Given data: Begin

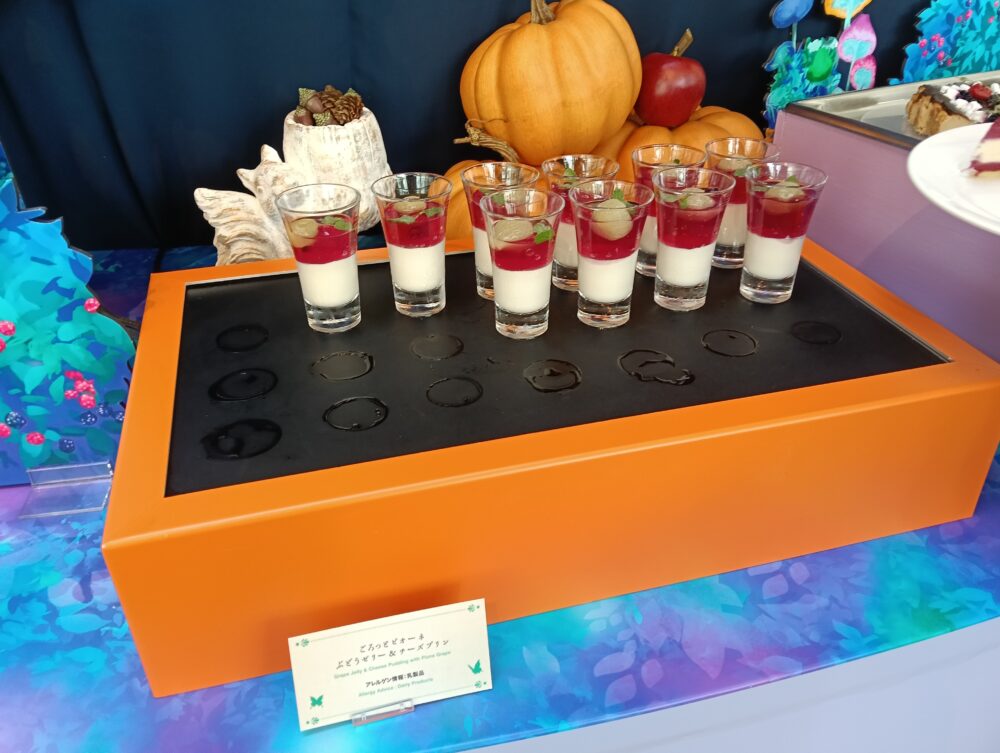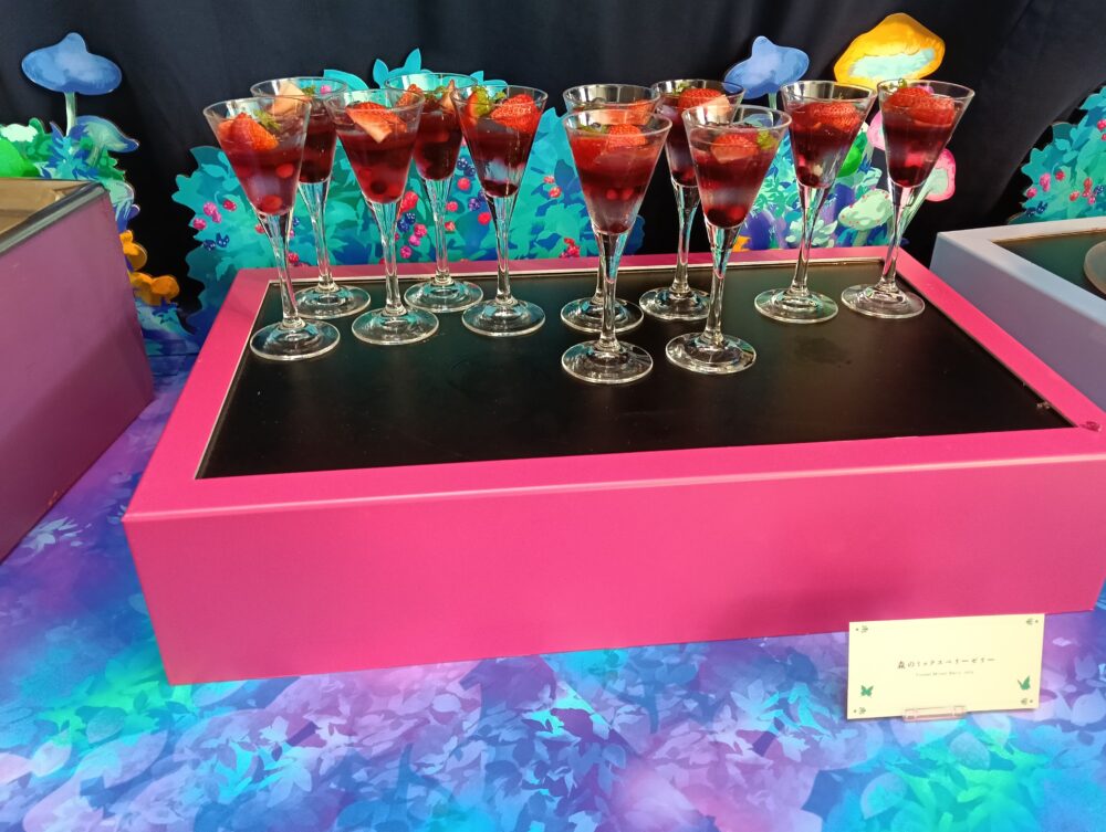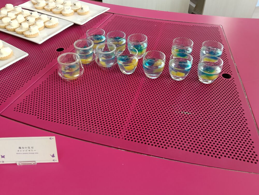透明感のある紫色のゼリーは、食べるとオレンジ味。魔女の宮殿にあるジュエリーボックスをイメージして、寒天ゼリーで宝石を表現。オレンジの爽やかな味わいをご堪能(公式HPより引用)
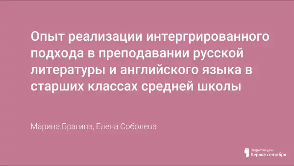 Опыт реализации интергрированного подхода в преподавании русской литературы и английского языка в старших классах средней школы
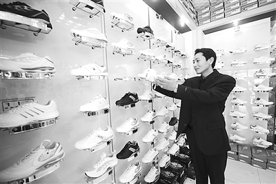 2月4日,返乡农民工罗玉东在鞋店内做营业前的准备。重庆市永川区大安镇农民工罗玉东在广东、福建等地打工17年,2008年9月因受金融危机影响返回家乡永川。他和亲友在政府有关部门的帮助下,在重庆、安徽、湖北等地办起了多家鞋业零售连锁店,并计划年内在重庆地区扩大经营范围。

Given data: End

(Work instructions) Would you please retype the material above exactly and leave out each picture?

(Your response)
透明感のある紫色のゼリーは、食べるとオレンジ味。魔女の宮殿にあるジュエリーボックスをイメージして、寒天ゼリーで宝石を表現。オレンジの爽やかな味わいをご堪能(公式HPより引用)
 Опыт реализации интергрированного подхода в преподавании русской литературы и английского языка в старших классах средней школы
 2月4日,返乡农民工罗玉东在鞋店内做营业前的准备。重庆市永川区大安镇农民工罗玉东在广东、福建等地打工17年,2008年9月因受金融危机影响返回家乡永川。他和亲友在政府有关部门的帮助下,在重庆、安徽、湖北等地办起了多家鞋业零售连锁店,并计划年内在重庆地区扩大经营范围。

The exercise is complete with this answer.